Déficit neurológico (radiculopatía, contusión medular), lesión vascular (aorta, cava, vasos segmentarios), desgarro dural y fractura de la pared pedicular. La medición de los pedículos en la TC preoperatoria y el cumplimiento riguroso del protocolo de 5 pasos mantienen las tasas de complicación por debajo del 1-2%.
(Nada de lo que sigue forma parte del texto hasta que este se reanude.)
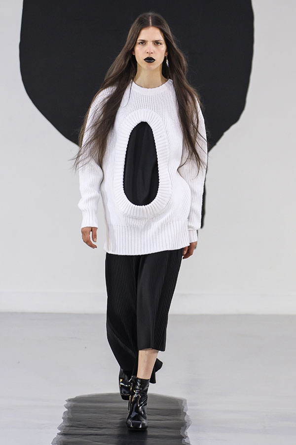 في عرض Aalto، قدّم لنا توماس ميريكوسكي Tuomas Merikoski التناقضات الجلية بحيث ترافقت الشفاه الزرقاء مع البذلات المطبّعة بالمربعات، والأصفر الخردلي ضمن أسلوب رجالي قديم الطراز. أما الشعر الطويل المتطاير فأضاف المزيد من الأنوثة.
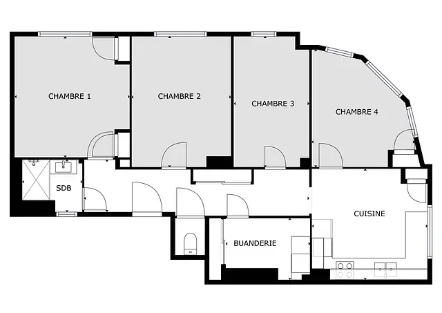 Vous disposerez de quatre chambres spacieuses avec literie double et bureau, d'une salle de bain et un WC indépendant.

En la práctica clínica, la técnica free-hand permite instrumentar múltiples niveles con rapidez y mínima radiación en escoliosis, traumatismos y patología degenerativa. La TC preoperatoria debe identificar pedículos displásicos, esclerosos o estrechos (<4 mm de diámetro). Durante el avance del palpador torácico, nunca debe utilizarse martillo; la progresión se realiza únicamente mediante presión manual y rotación de muñeca. Si se percibe una resistencia ósea dura que bloquea el avance, debe retirarse el palpador y reorientar la trayectoria. Tras labrar el trayecto, la palpación sistemática de las 5 paredes con ball-tip feeler es obligatoria antes del roscado. Ante una brecha medial en la columna torácica, se debe abandonar o reorientar la trayectoria hacia lateral para evitar daños medulares. La confirmación con EMG por estimulación y radioscopia final asegura una colocación tridimensional exacta.